Let's go back to the beginning when God created a garden for Adam and Eve. He entrusts the whole place for them to nurture, guard and protect. He makes them responsible for it, so they would have a purpose for their lives. Eating from the Tree of Life symbolizes life unending and life abundant. God welcomes them to eat freely from this tree. This tree represents a meeting place for their love relationship with God and a way for them to express their commitment to him in a practical way. It offers them the promise that God's life will sustain their lives - spiritually, emotionally, and physically.

Choosing to eat from the Tree of Knowledge of Good and Evil results in certain death. This tree represents self-centered independence. We might call it the "I will decide for myself what is right and wrong" tree. To refrain from eating of this tree would show that Adam and Eve trusted God and believed he ultimately knew what was best for them. In His wisdom, God knew that for this relationship to work, it had to be based on free choice. The forbidden tree offered them a way out if they wanted it. All they had to do is eat of it and they would be making a clear choice between what each tree represented and a strong statement about what they thought of their Creator. Yet the warning not to eat of it could not be stronger. The consequences could not be more clear.

What choice would you and I have made?

Would we have wanted to decide for ourselves what was right and wrong?

Being a parent, I understand the clear boundaries God set up when He said not to eat from the tree of "I will decide for myself what is right and wrong."


Nothing can dismantle any hope of having a loving family than everyone deciding for themselves what is right and wrong.
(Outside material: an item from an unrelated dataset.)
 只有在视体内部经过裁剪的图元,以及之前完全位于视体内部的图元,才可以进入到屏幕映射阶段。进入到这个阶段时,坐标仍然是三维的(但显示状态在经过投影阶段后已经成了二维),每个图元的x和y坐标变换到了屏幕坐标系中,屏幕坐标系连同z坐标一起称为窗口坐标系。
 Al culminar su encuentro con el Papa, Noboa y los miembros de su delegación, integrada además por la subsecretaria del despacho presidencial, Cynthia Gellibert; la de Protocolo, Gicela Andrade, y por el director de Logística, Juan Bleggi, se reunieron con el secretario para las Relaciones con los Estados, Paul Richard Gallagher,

Where did the serpent come from? How did he find his way into this perfect garden? What role will he play in the garden? First thing this slippery serpent does is to slither his way up to Eve and Adam. The serpent plants a simple thought in Eve's mind: "If you eat from the forbidden tree, you will not die. You will be like God, deciding for yourself what is right and wrong." "Wow", she must of thought. "Now I can be like God and do anything I want." The lure of independence must have been so appealing. As they listened to the serpent, they must have felt that God was holding something wonderful back from them. Unfortunately, they could not see that they already had all of the freedom they needed and could do anything they wanted to do under the care of their loving Father. But let's be honest with ourselves. All it takes is a series of quick rationalization and any of us could head down a path to a place we do not want to be. Lose our focus - get distracted by a thought - give place to the thought - for as a man thinks in his heart, so is he. Prov. 23:7. Eve quickly comes up with a list of convincing reasons why this fruit is exactly what she wants. She "needs it". She decides to ignore the warning from her loving Father about the one forbidden tree.
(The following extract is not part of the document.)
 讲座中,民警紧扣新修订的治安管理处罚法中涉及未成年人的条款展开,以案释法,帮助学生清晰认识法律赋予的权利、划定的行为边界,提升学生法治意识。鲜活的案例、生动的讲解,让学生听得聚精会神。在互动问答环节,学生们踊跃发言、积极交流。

The two same choices remain for humanity today.

  • First, there is the self determined way: the "I'll decide for myself" way. This way may look good at the beginning, but has huge consequences later on.

  • Second, there is God's way, which may look ridiculous from a human point of view, but ultimately ends up being the very best way.

True relationship requires freedom of choice, yet if I use that freedom for blind self-centeredness, there are real consequences. God's love demanded that He offer the first man and woman freedom and at the same time warn them of the consequences of abusing that freedom. As a parent, I get this. When I look to God from the perspective of a parent, things start to become much clearer.